31.03.18 | 18:46. Archivado en Encuentros, CicloB

Domingo de Pascua – Ciclo B (Marcos 16, 1–7) – 1 de abril de 2018

San Ignacio de Loyola, en el número 299 de los Ejercicios Espirituales, afirma que la primera aparición del Señor resucitado fue a María, su madre: “Primero: apareció a la Virgen María, lo cual, aunque no se diga en la Escritura, se tiene por dicho, en decir que apareció a tantos otros; porque la Escritura supone que tenemos entendimiento, como está escrito: (¿También vosotros estáis sin entendimiento?)”. Inspirados en este texto, imaginemos cómo pudo ser esta aparición…

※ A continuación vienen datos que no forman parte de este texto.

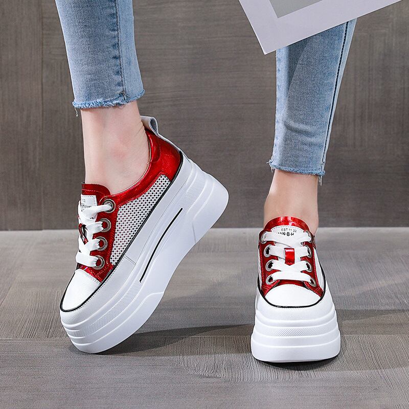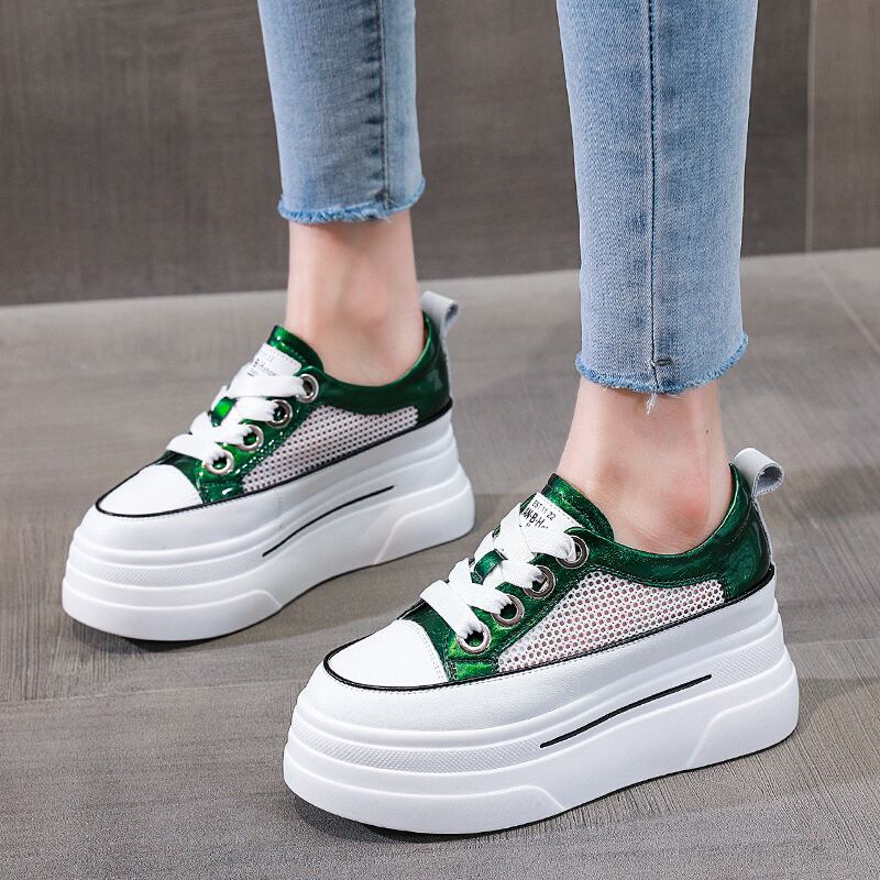 初回送料無料レディース内側の高さのある厚いソールメッシュの小さな白い靴

El primer día de la semana, María amaneció en casa de José de Arimatea. Todos los discípulos del Señor y él mismo se quedaban allí cuando subían a Jerusalén. Todo era desorden cuando venían a la fiesta de la Pascua; nadie hacía ningún trabajo el día sábado, a no ser María que no dejaba de recoger túnicas y mantos y de asear un poco la casa para que se pudiera caminar de un lugar a otro. Esa mañana María se levantó muy temprano; todavía tenía su corazón oprimido y sus ojos le ardían de tanto llorar. Había pasado todo el sábado orando al Altísimo por su hijo.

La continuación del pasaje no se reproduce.